Justamente porque conhece seu macabro desempenho no enfrentamento da pandemia, foi fácil para o governo listar 23 crimes pelos quais será cobrado a partir da instalação, amanhã no Senado, da CPI da Covid. A lista foi repassada a 13 ministérios para que providenciem respostas convincentes às acusações que lhes serão feitas, ajudando-o assim a defender-se melhor.
“O objetivo do governo é fazer com que a CPI não avance, mas os fatos são evidentes, gritantes”, diz o senador Humberto Costa (PT-PE). Seu colega Randolfe Rodrigues (Rede-AP), que teve a ideia de propor a criação da CPI, observa: “O único confronto que nos preocupa é com a pandemia e o vírus.
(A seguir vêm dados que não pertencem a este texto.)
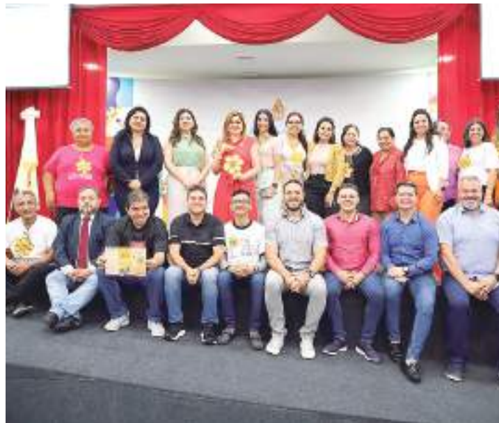
Semed apresenta protocolo no auditório Luiz Geraldo Pontes
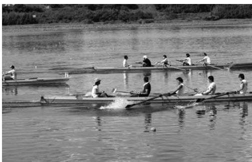
地元クルーにより熱戦が繰り上げられた長沼レガッタ
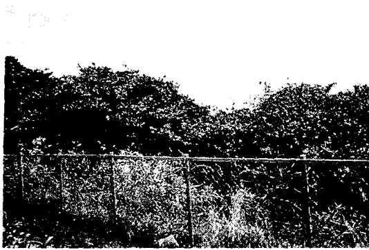
Photo 5. Crown damage by cold wind at the main community of Machilus thunbergii

피해를 계속 받아 북쪽 가지가 동해를 입어 심하게 손상된 상태이다(Photo 5).
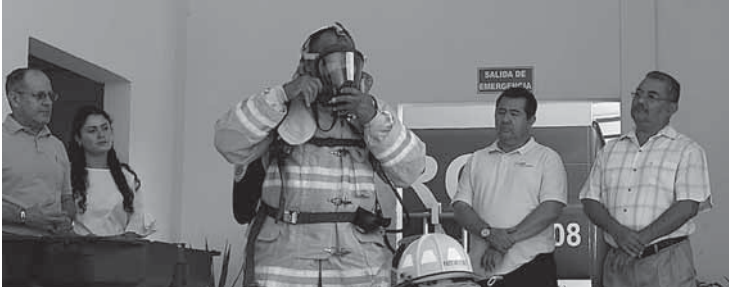
► Los equipos son de última generación.
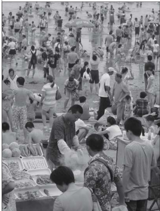
六浴东侧沙滩上的烧烤摊点。

13日，海水浴场及奥帆中心综合整治指挥部副指挥长杨涛告诉记者，根据刚下发的《关于开展海水浴场专项整治的通告》，青岛市将在9月6日前对海水浴场及奥帆中心进行整治，主要针对环境卫生及经营秩序方面出现的问题。按照“先整治、后规范”的原则，青岛市还将出台《青岛市海水浴场管理办法》，确保海水浴场及奥帆中心的管理常态化、规范化。
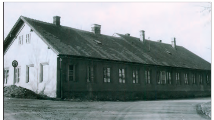
Čp. 291 v 70. letech 20. století

Ze zápisů v kronice města se dozvíme, že v roce 1748 byl špitálem nešťastných a též obydlím ponocného a jednoho hrobaře domek čp. 211 v ulici Pod Domy (později tu byla šatlava). V roce 1777 byl panský špitál uveden na místě, kde stávalo čp. 51 (na rohu ulic Na Kopečka a Čsl. legií), v roce 1812 je uveden jako Obrighritcher Spital – panský špitál. Ten byl prodán v roce 1832. Další dům, který město zakoupilo k podobnému účelu, byl domek čp. 165 v Pardubické ulici. Stalo se tak v roce 1883 a byl v něm zřízen městský špitál, později pojmenovaný městská nemocnice. O pět let později pak
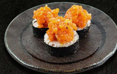
MAKI Z TATAREM Z ŁOSOSIA - 3 SZTUKI 38 PLN

Se o presidente tem consciência que fez a coisa certa não precisa temer”.
Face a face com Bolsonaro, nenhum dos seus auxiliares ousa apontar omissões e erros cometidos desde a morte do primeiro brasileiro em março de 2020. Mas a lista elaborada pela chefia da Casa Civil deixa tudo muito claro e poderá servir, inclusive, de roteiro para o início dos trabalhos da CPI. Confira o que se dirá do governo com base na lista do próprio governo:
1 – O governo foi negligente com o processo de aquisição e desacreditou a eficácia da CoronaVac (que atualmente se encontra no Plano Nacional de Imunização);
2 – O governo minimizou a gravidade da pandemia (negacionismo);
3 – O governo não incentivou a adoção de medidas restritivas;
4 – O governo promoveu tratamento precoce sem evidências científicas comprovadas;
5 – O governo retardou e negligenciou o enfretamento à crise no Amazonas;
6 – O governo não promoveu campanhas de prevenção à Covid;
7 – O governo não coordenou o enfrentamento à pandemia em âmbito nacional;
8 – O governo entregou a gestão do Ministério da Saúde, durante a crise, a gestores não especializados (militarização do Ministério);
9 – O governo demorou a pagar o auxílio-emergencial;
10 – Ineficácia do Pronampe;
11 – O governo politizou a pandemia;
12 – O governo falhou na implementação da testagem (deixou vencer os testes);
13 – Faltaram insumos diversos (kit intubação);
14 – Atraso no repasse de recursos para os Estados destinados à habilitação de leitos de UTI;
15 – Genocídio de indígenas;
16 – O governo atrasou a instalação do Comitê de Combate à Covid;
17 – O governo não foi transparente e nem elaborou um Plano de Comunicação de enfrentamento à Covid;
18 – O governo não cumpriu as auditorias do TCU durante a pandemia;
19 – Brasil se tornou o epicentro da pandemia e “covidário” de novas cepas pela inação do Governo
20 – Os generais Eduardo Pazuello e Braga Netto, e diversos militares não apresentaram diretrizes estratégicas para o combate à Covid;
21 – O presidente Bolsonaro pressionou os ex-ministros da Saúde Luiz Henrique Mandetta e Nelson Teich para obrigá-los a defender o uso da hidroxicloroquina;
22 – O governo recusou 70 milhões de doses da vacina da Pfizer;
23 – O governo fabricou e disseminou fake news sobre a pandemia por intermédio de seu gabinete do ódio
Algo mais a acrescentar? Na verdade, a lista é um poderoso libelo da acusação ao governo que será julgado, primeiro, na CPI e, no ano que vem nas urnas.